Но мотив «отчаяния» все плотнее замыкает круг теперь именно над ним, и пока он не может ни с кем им поделиться. Находясь в полусознательном состоянии у себя в грязной «каморке», где он часто спал на софе, «покрываясь своим старым, ветхим, студенческим пальто и с одною маленькою подушкой в головах, под которую подкладывал все что имел белья» [6, 25], Раскольников каждую ночь слышит «отчаянные вопли с улиц» [6, 70]. Когда же он вспоминает, что совершил и что вещи, украденные им у старухи, все еще находятся в его комнате, он «шепчет в отчаянии»: «Боже мой, что со мною? Разве это спрятано?» [6, 71]. Героя начинает бить озноб, и он вновь накрывается своим «теплым пальто» и впадает в сон и беспамятство.

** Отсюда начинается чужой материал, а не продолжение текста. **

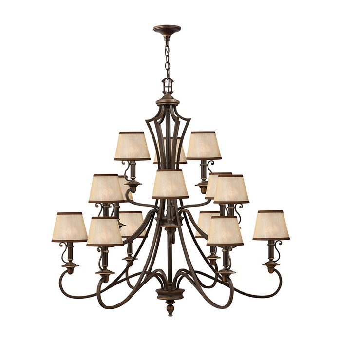 hand-rubbed Old Bronze finish and light amber organza shade.
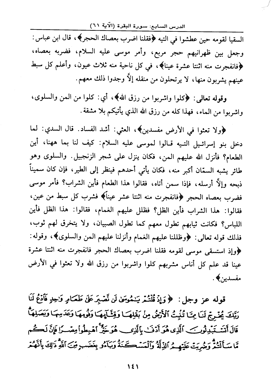 {وَلاَ تَعْثَوْاْ فِي الأَرْضِ مُفْسِدِينَ} ، العثي: أشد الفساد. قال السدي: لما دخل بنو إسرائيل التيه قالوا لموسى عليه السلام: كيف لنا بما ها هنا، أين الطعام؟ فأنزل الله عليهم المن، فكان ينزل على شجر الزنجبيل. والسلوى وهو: طائر يشبه السمّان أكبر منه، فكان يأتي أحدهم فينظر إلى الطير، فإن كان سمينًا ذبحه وإلا أرسله، فإذا سمن أتاه، فقالوا هذا الطعام فأين الشراب؟ فأمر موسى فضرب بعصاه الحجر ... {فَانفَجَرَتْ مِنْهُ اثْنَتَا عَشْرَةَ عَيْناً} فشرب كل سبط من عين، فقالوا: هذا الشراب فأين الظل؟ فظلل عليهم الغمام، فقالوا: هذا الظل فأين اللباس؟ فكانت ثيابهم تطول معهم كما تطول الصبيان، ولا يتخرق لهم ثوب، فلذلك قوله تعالى: {وَظَلَّلْنَا عَلَيْكُمُ الْغَمَامَ وَأَنزَلْنَا عَلَيْكُمُ الْمَنَّ وَالسَّلْوَى} ، وقوله: {وَإِذِ اسْتَسْقَى مُوسَى لِقَوْمِهِ فَقُلْنَا اضْرِب بِّعَصَاكَ الْحَجَرَ فَانفَجَرَتْ مِنْهُ اثْنَتَا عَشْرَةَ عَيْناً قَدْ عَلِمَ كُلُّ أُنَاسٍ مَّشْرَبَهُمْ كُلُواْ وَاشْرَبُواْ مِن رِّزْقِ اللَّهِ وَلاَ تَعْثَوْاْ فِي الأَرْضِ مُفْسِدِينَ} .
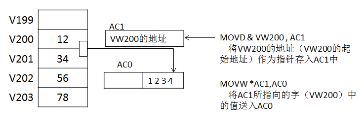 (9)间接寻址间接寻址是指用指针来访问存储区数据。指针以双字的形式存储其他存储区的地址。只能用V存储器或者累加器寄存器(AC1、AC2、AC3)作为指针。如果要使用间接寻址,应该用"&"符号加上要访问的存储区地址来建立一个指针。当指令中的操作数是指针时,应该在操作数前面加上"*"号。

Но потом в исступлении снова бросается к своему «платью», на котором могли остаться следы преступления.
«Вызывающим и отчаянным видом» [6, 73] Раскольников смотрит на дворника, который приносит ему повестку из полицейской конторы, но затем вспоминает о своем «носке», пропитанном кровью. Он то надевает носок, то снимает, то смеется, то дрожит от страха, думая об «условности форм», но в конце концов надевает его. Тут же смех Раскольникова «сменился отчаянием» — «ноги его дрожали» [6, 74]. Вспоминая о старухиных вещах, он снова приходит в дрожь, «но такое отчаяние и такой, если можно сказать, цинизм гибели вдруг овладели им, что он махнул рукой и пошел дальше» [6, 74]. В поисках «конца» своего «отчаянного» состояния и выхода он старается быстрее освободиться от этих вещей: «Он только чувствовал и знал, что надо, чтобы все переменилось, так или этак, „хоть как бы то ни было“, повторял он с отчаянною, неподвижною самоуверенностью и решимостью» [6, 121].
Когда же Заметов, вычисляя преступника, говорит о том, что даже «отчаянному человеку за себя поручиться нельзя», и какая же «отчаянная башка» убила старуху среди бела дня, Раскольников провоцирует его: «А что, если это я старуху и Лизавету убил? — проговорил он вдруг и — опомнился» [6, 128]. Он вновь идет на место преступления, ходит по Петербургу, мечется между идеей убить себя или донести на себя. Он ожидает от кого-то «последнего слова» посреди мостовой на «перекрестке» (месте, символическом в романе), но не получает ответа: «Все было глухо и мертво, как камни, по которым он ступал, для него мертво, для него одного…» [6, 135].
Но мостовая Петербурга на этот раз оказалась «мертва» не для Раскольникова — она становится «смертным местом» для Мармеладова в «благородном платье», с которого и началась в романе «эпидемия» отчаяния. Раскольников «платит» за то, чтобы Мармеладова доставили домой, и этим как бы вновь передает эстафету «отчаяния» его семье. Вновь слышатся крики отчаяния Катерины Ивановны: «— Боже мой! У него вся грудь раздавлена! Крови-то, крови! — проговорила она в отчаянии. — Надо снять с него все верхнее платье! <…> Катерина Ивановна отошла к окну, прислонилась лбом к оконной раме и с отчаянием воскликнула: „О треклятая жизнь!“» И в этом эпизоде рифмой к «отчаянию» служит слово «молчание»: «— Священника! — проговорил опять умирающий после минутного молчания» [6, 142].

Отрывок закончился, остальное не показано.